_Task:_
What you return should be the full listing, word for word, without a single image.

_Material provided:_
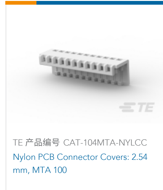
TE 产品编号 CAT-104MTA-NYLCC Nylon PCB Connector Covers: 2.54 mm, MTA 100
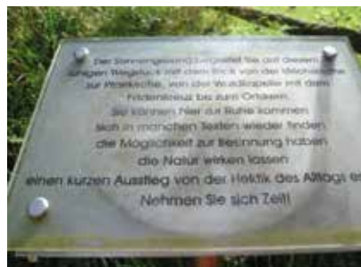
Einstieg in den „Sonnengesang“ auf der Hinterleitn
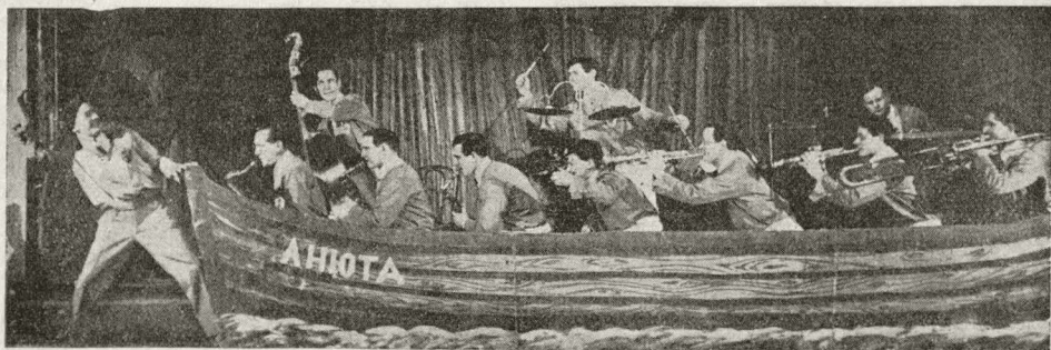
Теа-джаз Л. Утесова

Репертуар теа-джаза пока что далеко не удовлетворяет. В нем сохранилось многое не только от музыки, но и от текстов ресторанных „толстяков“. Общеизвестен анекдот об эстраднике, исполнившем чорт-знает-что под видом пародии. Когда Л. Утесов под аккомпанемент джаза поет слезливую „Кончитту“, то ироническое разрешение этой песни (преувеличенно прискорбный вздох) дела не решает в сущности. Пряная и расслабляющая эта песня производит свой эффект задолго до концовки. Совсем нелепое происходит с „Молотобойцами“. На весьма ресторанный мотивчик шибко-идеологическая „производственная“ песня о каких-то молотобойцах (текста, к счастью, не разобрать).

_Output for this task:_
TE 产品编号 CAT-104MTA-NYLCC Nylon PCB Connector Covers: 2.54 mm, MTA 100
Einstieg in den „Sonnengesang“ auf der Hinterleitn
Теа-джаз Л. Утесова

Репертуар теа-джаза пока что далеко не удовлетворяет. В нем сохранилось многое не только от музыки, но и от текстов ресторанных „толстяков“. Общеизвестен анекдот об эстраднике, исполнившем чорт-знает-что под видом пародии. Когда Л. Утесов под аккомпанемент джаза поет слезливую „Кончитту“, то ироническое разрешение этой песни (преувеличенно прискорбный вздох) дела не решает в сущности. Пряная и расслабляющая эта песня производит свой эффект задолго до концовки. Совсем нелепое происходит с „Молотобойцами“. На весьма ресторанный мотивчик шибко-идеологическая „производственная“ песня о каких-то молотобойцах (текста, к счастью, не разобрать).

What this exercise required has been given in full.